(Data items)
★ ★ ★ ★ ★ ★ ★

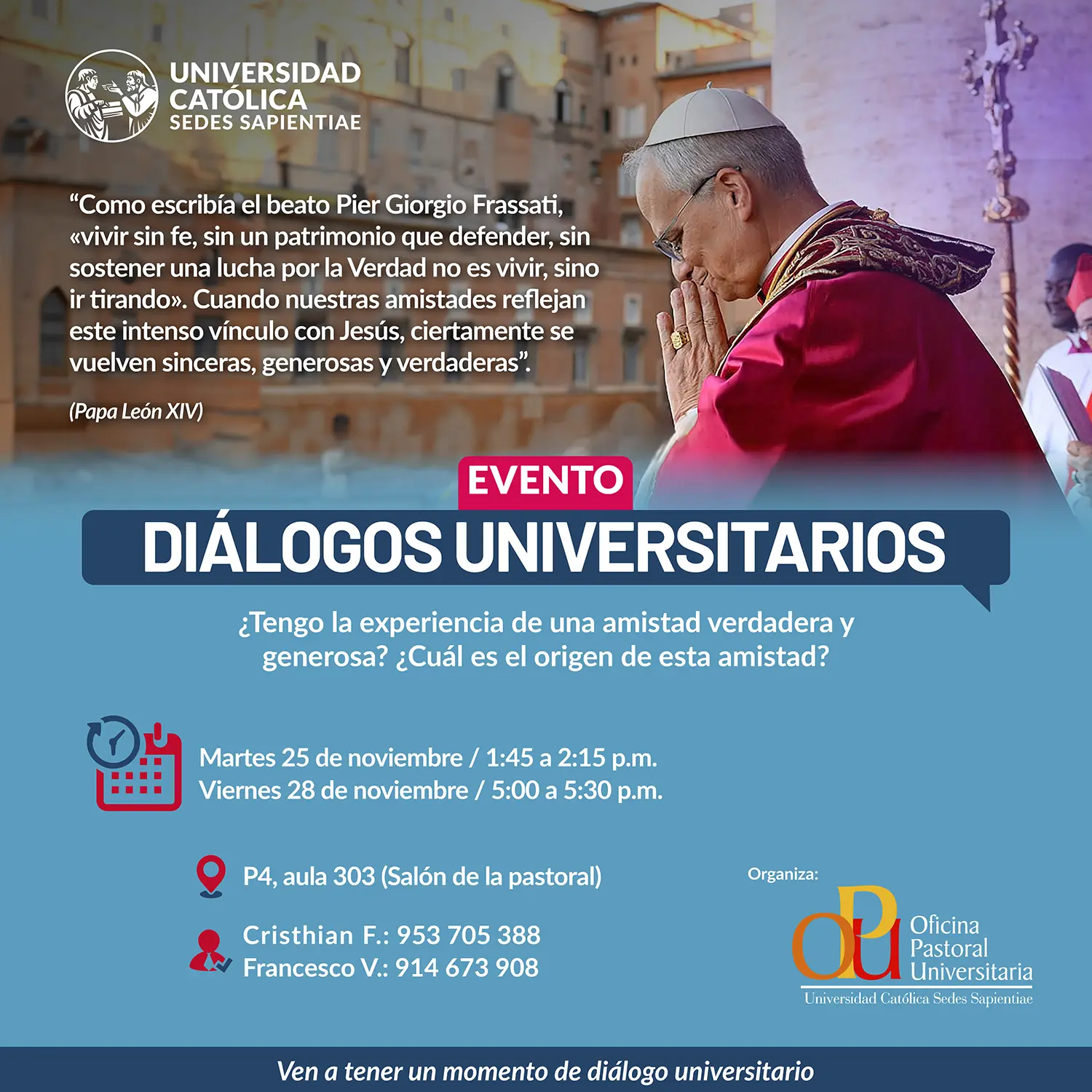 NOVIEMBRE-DICIEMBRE: DIÁLOGOS UNIVERSITARIOS Contactos: CHRISTIAN - 953 705 388 / FRANCESCO - 914 673 908 Leer más: NOVIEMBRE-DICIEMBRE: DIÁLOGOS UNIVERSITARIOS
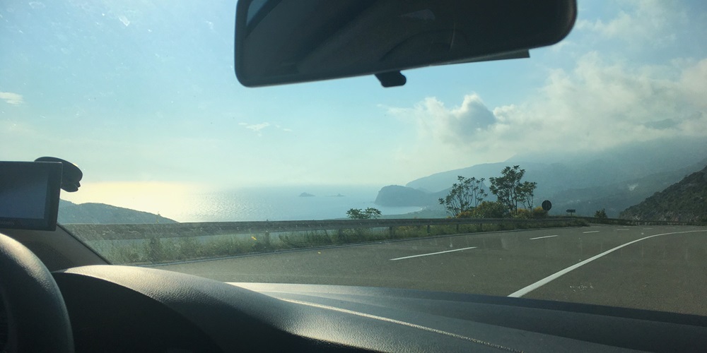 When they arrived we laughed out loud. Not only because they were extremely rustic, nothing more than literally a piece of torn baguette, and a slab of cheese. But also they weren't the lighter choice we were expecting, the bread was the size of a small loaf! At least the homemade cheese was tasty and the bread was softer than it looked. Back on the road we soon came to a toll where we paid €2.50 to use the Sozina tunnel. At over 4km, it was the longest road tunnel in Montenegro. It felt strangely hypnotic driving through this repetitive view, with only the lights giving us a sense of movement. This shortcut through Paštrovska Gora mountain saved us 25km. When we finally emerged the other side we were almost at the Adriatic coast. Moments later we could see the sea for the first time. We began to get a little excitable.
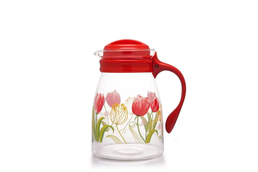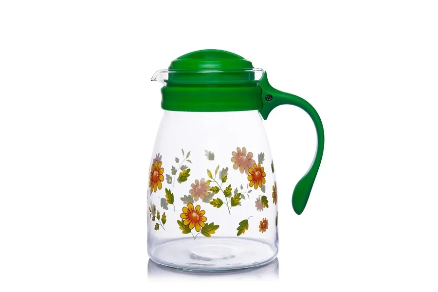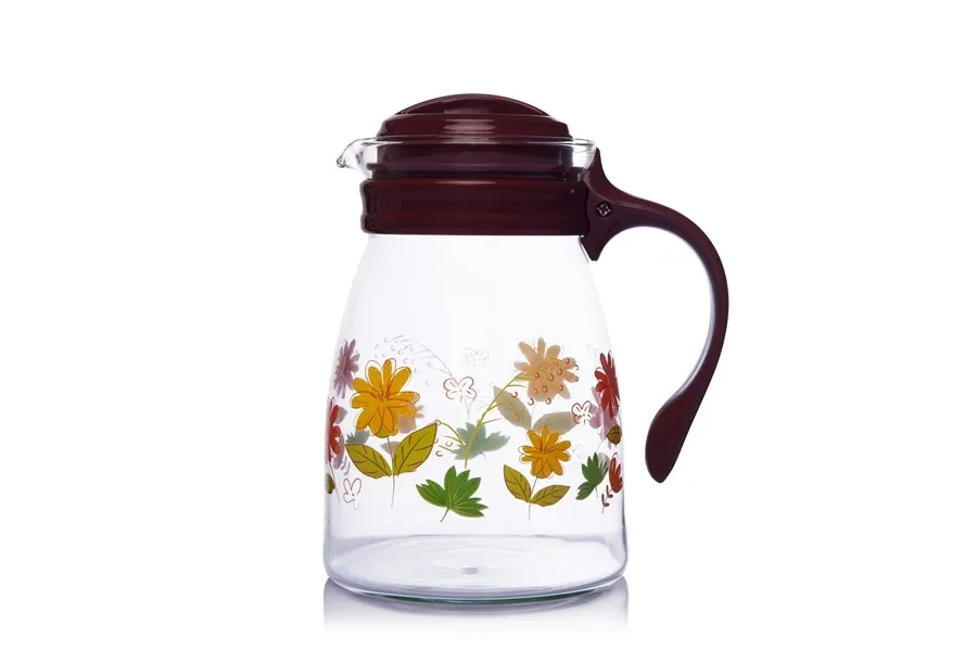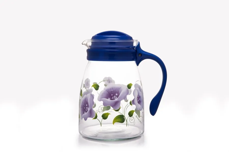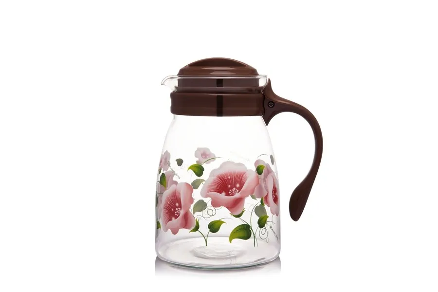 2.5L Glass Jar With Faucet Flower Printing Beverage Juice Dispenser With Cups
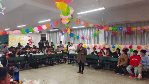 本次联谊晚会上,同学们表演了精彩的说唱、小品、街舞、双截棍等文艺节目,全程高能、掌声不断,展现出班级同学们的青春风采。在节目中,还穿插了趣味游戏,在主持人带领下,大家积极参加挤气球、抢凳子、水果蹲、云南少数民族特色三步舞等活动,晚会现场呈现出一片欢乐愉快的氛围。晚会结束后,同学们自觉把教室打扫干净、收拾整齐、恢复原样。
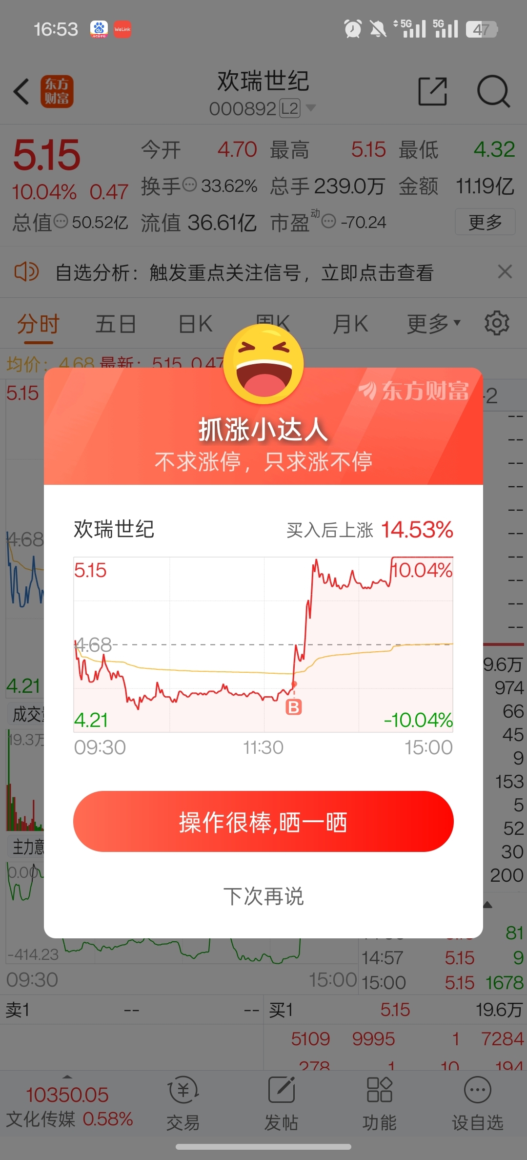 $欢瑞世纪(SZ000892)$ 还可以啊小欢,市场最高板了
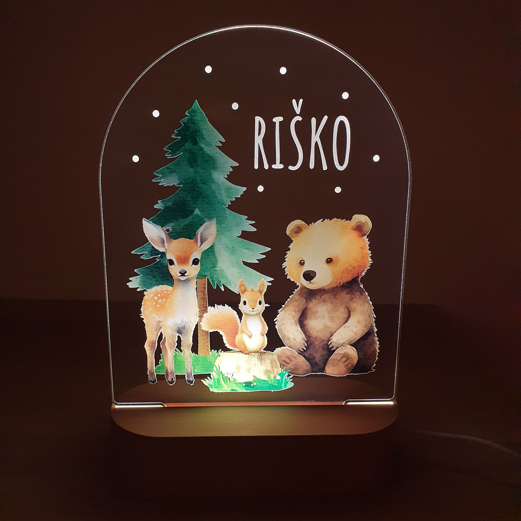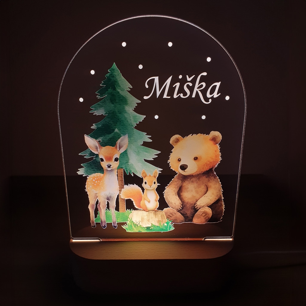 LED nočná lampa s vlastným menom dieťatka a motívom lesných zvieratiek rozžiari nielen detskú izbičku, ale aj očká detí. Je to tiež ideálny darček k narodeniu dieťatka, na krstiny, narodeniny, či meniny.
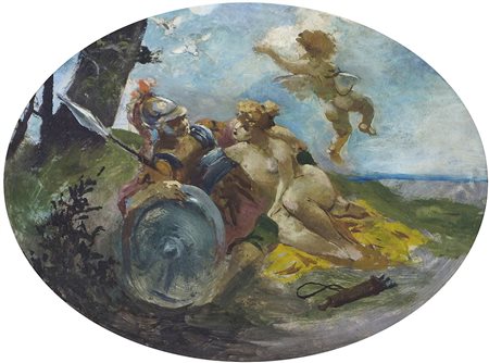 Maestro del XIX secolo "Riposo del guerriero" cm. 22x30 - olio su cartone In b. a s. dedica "all'amico Spaccavalli Nicolò offre" Prov.: collezione Basilio Trieste.

★ ★ ★ ★ ★ ★ ★

▶ To do
Leave the pictures out and print the records above exactly as they stand.

▶ Exercise output
 NOVIEMBRE-DICIEMBRE: DIÁLOGOS UNIVERSITARIOS Contactos: CHRISTIAN - 953 705 388 / FRANCESCO - 914 673 908 Leer más: NOVIEMBRE-DICIEMBRE: DIÁLOGOS UNIVERSITARIOS
 When they arrived we laughed out loud. Not only because they were extremely rustic, nothing more than literally a piece of torn baguette, and a slab of cheese. But also they weren't the lighter choice we were expecting, the bread was the size of a small loaf! At least the homemade cheese was tasty and the bread was softer than it looked. Back on the road we soon came to a toll where we paid €2.50 to use the Sozina tunnel. At over 4km, it was the longest road tunnel in Montenegro. It felt strangely hypnotic driving through this repetitive view, with only the lights giving us a sense of movement. This shortcut through Paštrovska Gora mountain saved us 25km. When we finally emerged the other side we were almost at the Adriatic coast. Moments later we could see the sea for the first time. We began to get a little excitable.
 2.5L Glass Jar With Faucet Flower Printing Beverage Juice Dispenser With Cups
 本次联谊晚会上,同学们表演了精彩的说唱、小品、街舞、双截棍等文艺节目,全程高能、掌声不断,展现出班级同学们的青春风采。在节目中,还穿插了趣味游戏,在主持人带领下,大家积极参加挤气球、抢凳子、水果蹲、云南少数民族特色三步舞等活动,晚会现场呈现出一片欢乐愉快的氛围。晚会结束后,同学们自觉把教室打扫干净、收拾整齐、恢复原样。
 $欢瑞世纪(SZ000892)$ 还可以啊小欢,市场最高板了
 LED nočná lampa s vlastným menom dieťatka a motívom lesných zvieratiek rozžiari nielen detskú izbičku, ale aj očká detí. Je to tiež ideálny darček k narodeniu dieťatka, na krstiny, narodeniny, či meniny.
 Maestro del XIX secolo "Riposo del guerriero" cm. 22x30 - olio su cartone In b. a s. dedica "all'amico Spaccavalli Nicolò offre" Prov.: collezione Basilio Trieste.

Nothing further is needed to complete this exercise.